▶ AVAILABLE DATA:
[Start of section]
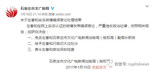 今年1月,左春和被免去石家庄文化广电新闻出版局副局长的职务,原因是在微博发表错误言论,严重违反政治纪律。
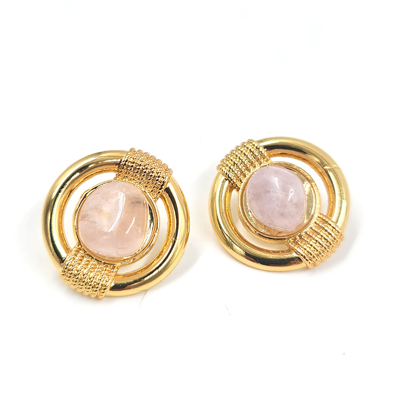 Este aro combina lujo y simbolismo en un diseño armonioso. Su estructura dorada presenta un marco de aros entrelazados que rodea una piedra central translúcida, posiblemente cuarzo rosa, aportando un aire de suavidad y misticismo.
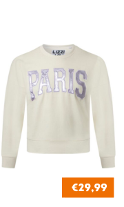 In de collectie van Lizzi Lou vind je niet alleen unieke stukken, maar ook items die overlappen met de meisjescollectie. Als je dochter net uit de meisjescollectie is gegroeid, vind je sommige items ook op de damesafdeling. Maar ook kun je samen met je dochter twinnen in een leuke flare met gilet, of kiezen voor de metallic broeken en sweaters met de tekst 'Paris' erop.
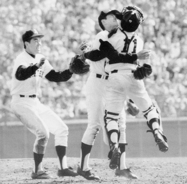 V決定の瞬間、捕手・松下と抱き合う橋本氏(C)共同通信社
[End of section]
▶ PROBLEM: From the line containing "Este aro combina" through the final line of the listing, copy every line exactly and nothing else. Skip the pictures.

▶ SOLUTION TO THE EXERCISE:
 Este aro combina lujo y simbolismo en un diseño armonioso. Su estructura dorada presenta un marco de aros entrelazados que rodea una piedra central translúcida, posiblemente cuarzo rosa, aportando un aire de suavidad y misticismo.
 In de collectie van Lizzi Lou vind je niet alleen unieke stukken, maar ook items die overlappen met de meisjescollectie. Als je dochter net uit de meisjescollectie is gegroeid, vind je sommige items ook op de damesafdeling. Maar ook kun je samen met je dochter twinnen in een leuke flare met gilet, of kiezen voor de metallic broeken en sweaters met de tekst 'Paris' erop.
 V決定の瞬間、捕手・松下と抱き合う橋本氏(C)共同通信社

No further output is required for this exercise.